Required work. Nothing but the lines from the one with "恒銳陶瓷位于廣東省潮州潮安縣" through the final line of the entries should appear in the answer, copied exactly and without pictures.

Records for the exercise.

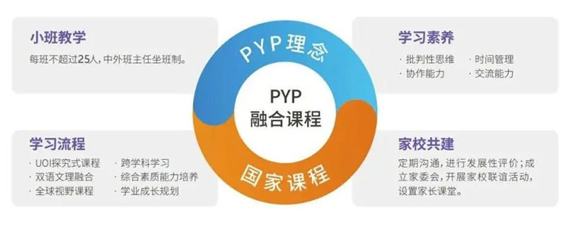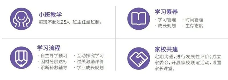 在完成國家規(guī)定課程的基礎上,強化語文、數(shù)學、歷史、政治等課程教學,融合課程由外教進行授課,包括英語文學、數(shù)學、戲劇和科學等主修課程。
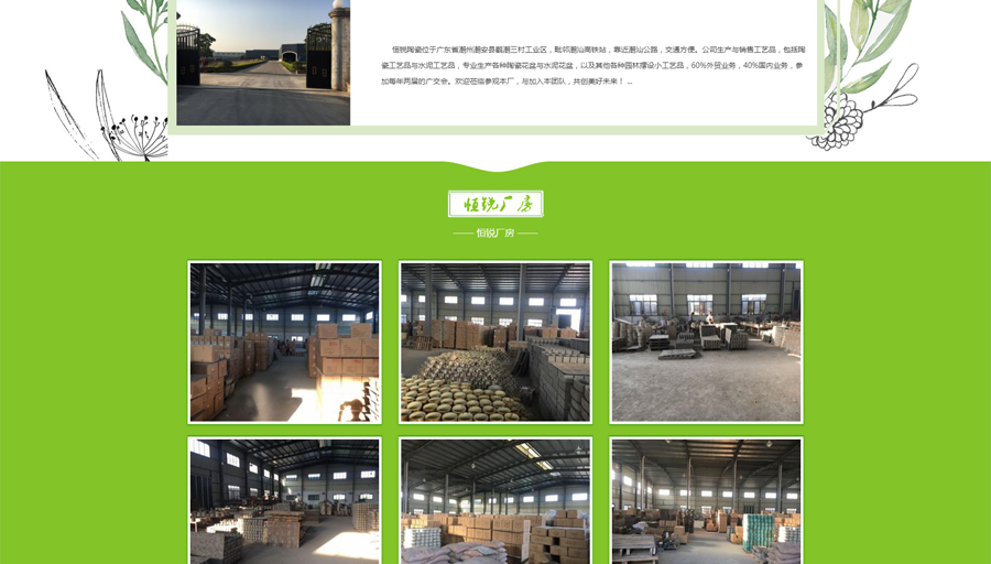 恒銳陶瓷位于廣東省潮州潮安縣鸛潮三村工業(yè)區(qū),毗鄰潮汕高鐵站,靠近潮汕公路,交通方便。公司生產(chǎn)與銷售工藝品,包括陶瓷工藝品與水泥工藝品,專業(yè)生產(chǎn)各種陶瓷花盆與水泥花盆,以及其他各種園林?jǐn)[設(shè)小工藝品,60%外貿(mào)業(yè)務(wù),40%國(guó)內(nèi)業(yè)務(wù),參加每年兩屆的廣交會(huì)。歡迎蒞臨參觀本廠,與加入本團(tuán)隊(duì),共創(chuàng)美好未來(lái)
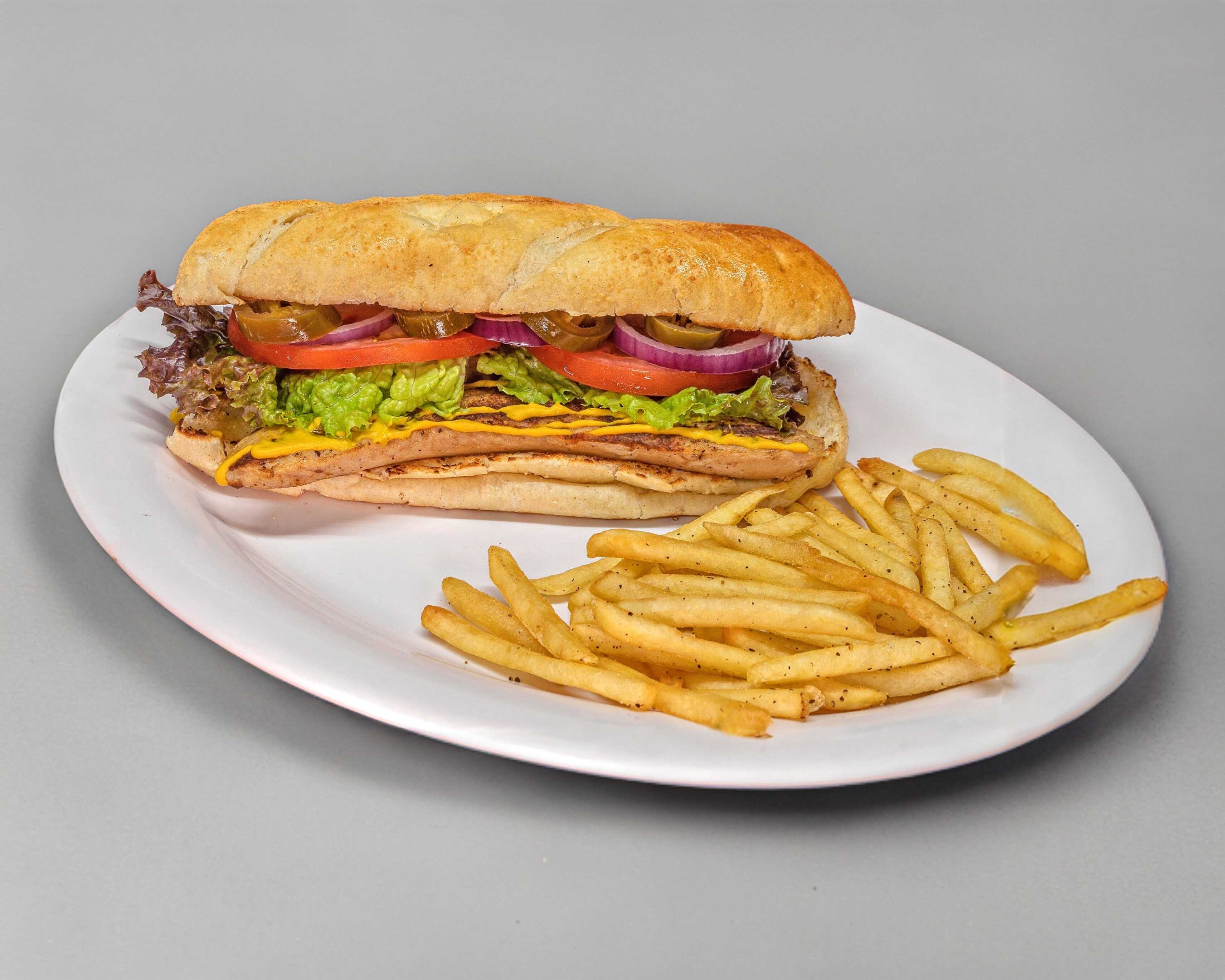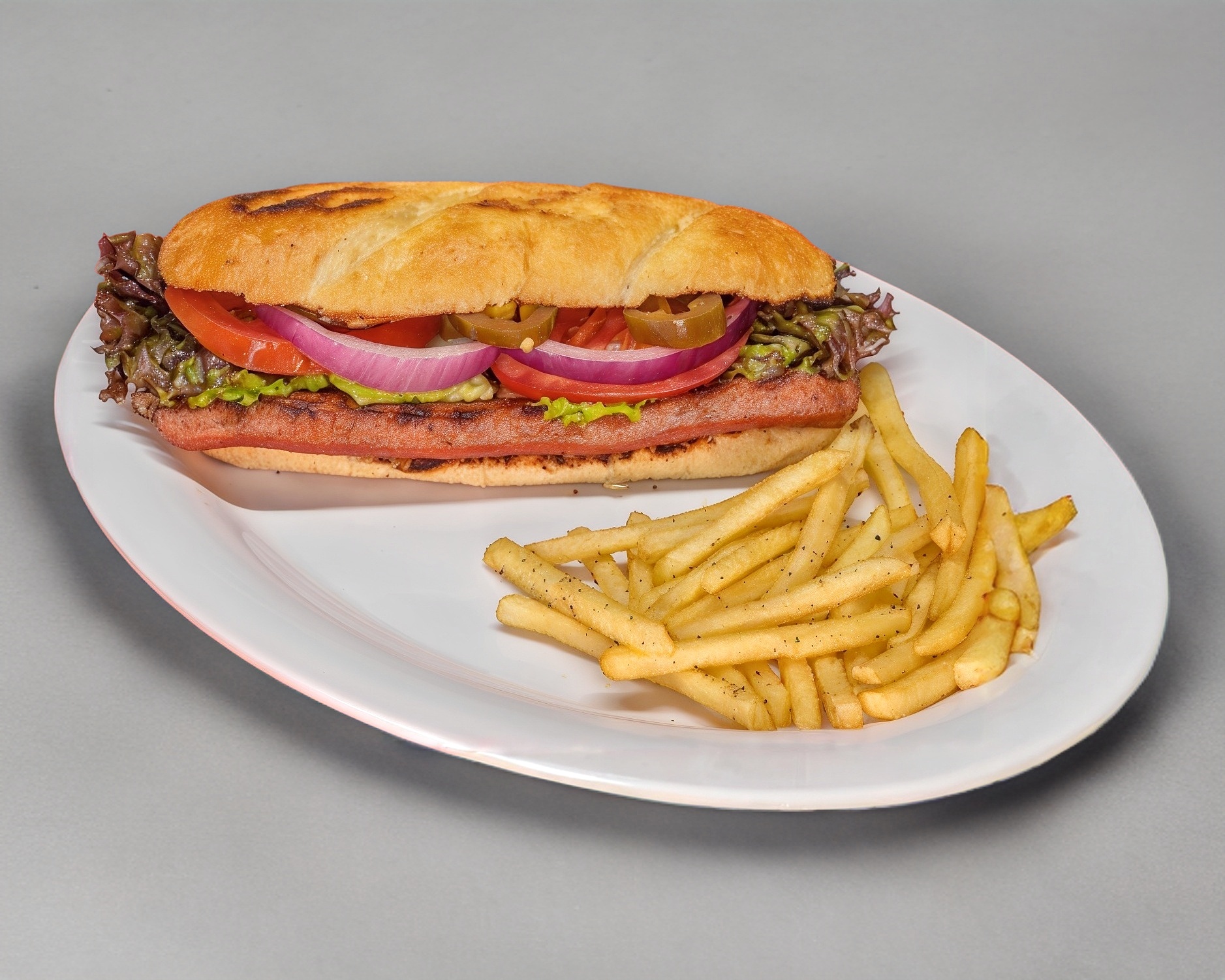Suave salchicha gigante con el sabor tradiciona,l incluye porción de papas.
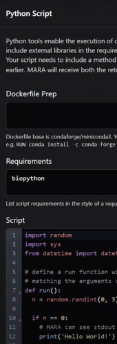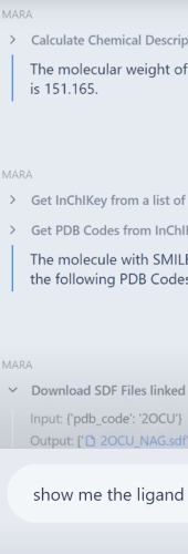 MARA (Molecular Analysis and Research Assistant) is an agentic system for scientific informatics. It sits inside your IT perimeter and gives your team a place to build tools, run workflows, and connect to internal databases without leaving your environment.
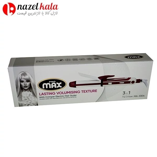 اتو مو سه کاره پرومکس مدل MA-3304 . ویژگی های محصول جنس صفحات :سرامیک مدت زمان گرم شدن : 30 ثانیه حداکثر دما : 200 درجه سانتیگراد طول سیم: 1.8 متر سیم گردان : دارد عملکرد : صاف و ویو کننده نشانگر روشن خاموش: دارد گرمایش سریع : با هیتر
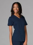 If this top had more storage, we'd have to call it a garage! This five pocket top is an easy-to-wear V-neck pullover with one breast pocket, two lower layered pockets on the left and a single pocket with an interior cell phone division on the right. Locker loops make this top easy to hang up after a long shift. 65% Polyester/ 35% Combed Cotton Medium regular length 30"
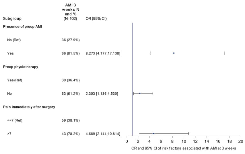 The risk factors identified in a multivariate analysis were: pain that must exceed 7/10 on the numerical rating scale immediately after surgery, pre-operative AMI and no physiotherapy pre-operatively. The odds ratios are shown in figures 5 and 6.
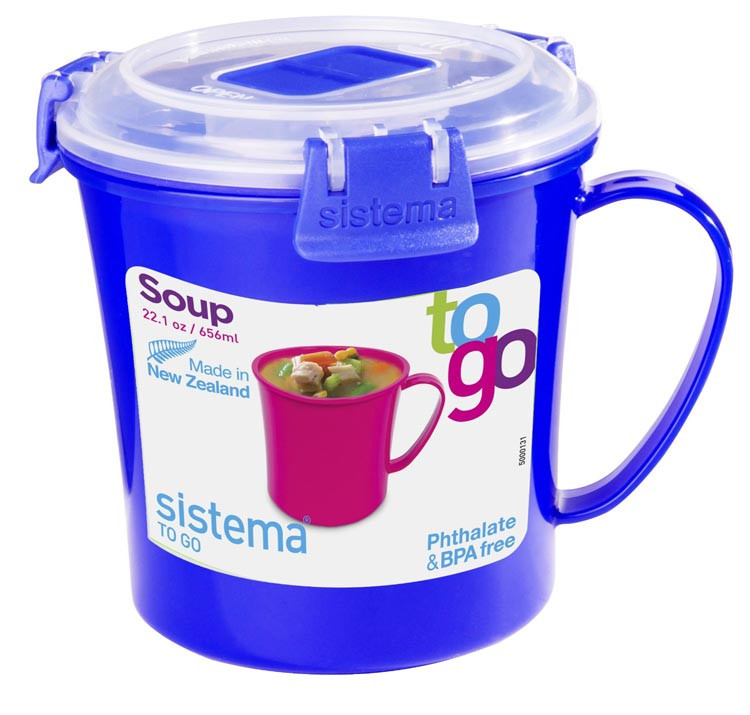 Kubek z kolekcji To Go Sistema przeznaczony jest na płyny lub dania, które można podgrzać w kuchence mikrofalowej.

Your solution.
 恒銳陶瓷位于廣東省潮州潮安縣鸛潮三村工業(yè)區(qū),毗鄰潮汕高鐵站,靠近潮汕公路,交通方便。公司生產(chǎn)與銷售工藝品,包括陶瓷工藝品與水泥工藝品,專業(yè)生產(chǎn)各種陶瓷花盆與水泥花盆,以及其他各種園林?jǐn)[設(shè)小工藝品,60%外貿(mào)業(yè)務(wù),40%國(guó)內(nèi)業(yè)務(wù),參加每年兩屆的廣交會(huì)。歡迎蒞臨參觀本廠,與加入本團(tuán)隊(duì),共創(chuàng)美好未來(lái)
Suave salchicha gigante con el sabor tradiciona,l incluye porción de papas.
 MARA (Molecular Analysis and Research Assistant) is an agentic system for scientific informatics. It sits inside your IT perimeter and gives your team a place to build tools, run workflows, and connect to internal databases without leaving your environment.
 اتو مو سه کاره پرومکس مدل MA-3304 . ویژگی های محصول جنس صفحات :سرامیک مدت زمان گرم شدن : 30 ثانیه حداکثر دما : 200 درجه سانتیگراد طول سیم: 1.8 متر سیم گردان : دارد عملکرد : صاف و ویو کننده نشانگر روشن خاموش: دارد گرمایش سریع : با هیتر
 If this top had more storage, we'd have to call it a garage! This five pocket top is an easy-to-wear V-neck pullover with one breast pocket, two lower layered pockets on the left and a single pocket with an interior cell phone division on the right. Locker loops make this top easy to hang up after a long shift. 65% Polyester/ 35% Combed Cotton Medium regular length 30"
 The risk factors identified in a multivariate analysis were: pain that must exceed 7/10 on the numerical rating scale immediately after surgery, pre-operative AMI and no physiotherapy pre-operatively. The odds ratios are shown in figures 5 and 6.
 Kubek z kolekcji To Go Sistema przeznaczony jest na płyny lub dania, które można podgrzać w kuchence mikrofalowej.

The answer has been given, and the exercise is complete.